My goal for the next year is to put myself in a position to start or join an audacious venture that is working toward a decentralized future for our education systems. In the meantime, I will be working on several different Chicago ventures in and around the intersection of technology and education.
- Mobile Makers Academy: A joint venture with Vokal Interactive to create an academy to help developers learn iOS development. Apply here. Let me know if you’re interested in getting involved.
- Code Academy Ruby Dojo: I will be leading a group of junior Ruby developers through a course that provides the practice and mentoring necessary to help them become employable as software developers. More details soon. Follow @rubydojo to stay tuned.
- Red Squirrel Technologies: A little entity that I will use to do freelance work. I will focus on software development, and more importantly, apprenticeship program facilitation.
I believe that apprenticeship is a viable and immediate solution to some of our economy’s most pressing problems. First, our huge number of un/under-employed young people. Second, 50% of our businesses can’t hire enough skilled workers. There are probably many solutions to bridging this gap, and the one that I can help with is apprenticeship. I want to see 1000 apprenticeship programs started inside of businesses across the country. I wrote some of my ideas and an overview of my approach in this paper. 1000 apprenticeship programs is a tall order, but thankfully there are many people working on this, and some of our leaders in Washington are about to hear about it!
Here’s a cool story:
I was invited to speak at an UnCollege event a couple weeks ago in San Francisco.

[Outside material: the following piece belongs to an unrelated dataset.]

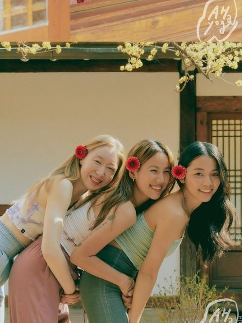 또 제주 친구들과 함께 서로 뒤에서 끌어안는 모습으로 화기애애한 분위기를 자아냈다. 세 사람은 꽃을 귀 뒤에 꽂은 채 활짝 웃고 있다. 특히 이효리의 초승달처럼 휘는 눈웃음과 입매가 돋보인다.

On a whim, I asked a friend for a meeting with Mitch Kapor. Unbelievably, I was able to get 40 minutes with him just a few hours before I flew home. I simply wanted to share some stories with him, with no real agenda. The outcome of our brief meeting was an invitation for me to give a TED-ish talk about apprenticeship to Obama’s CTO, Todd Park, and about 40 other tech leaders at the White House on August 21st. My goal for the day is to push apprenticeship as far as it can go. My friend Dale and I have been talking about an apprenticeship institute for the past few months, and I want to explore that idea at the White House. I am eager to see what transpires there.
I need to thank a bunch of people for the last 6 years at Obtiva/Groupon, and all they have done to set me up for whatever is ahead of me. Kevin Taylor, for hiring me, giving me part of your company, and being such a solid leader at Obtiva. Tyler Jennings, for your dedication to making great software. Andy Maleh, for your dedication to quality, to learning, and doing things the best way possible. I need to thank our many succesful apprentices over the years starting with Brian Tatnall and Colin Harris, and more recently, Carl Thuringer and Jacob Richardson, and everyone in between. For the many amazing craftsmen like Ryan Briones and Corey Haines who are just 2 of the dozens of kindred spirits who have inspired and challenged me over the years. Gary Levitt, the CEO of Mad Mimi, who taught me about how to love customer service and product development, and then handed me part of his company. Finally, a huge thanks to Neal Sales-Griffin, Dale J. Stephens, and Shereef Bishay, who all unknowingly conspired together to inspire me to FILDI.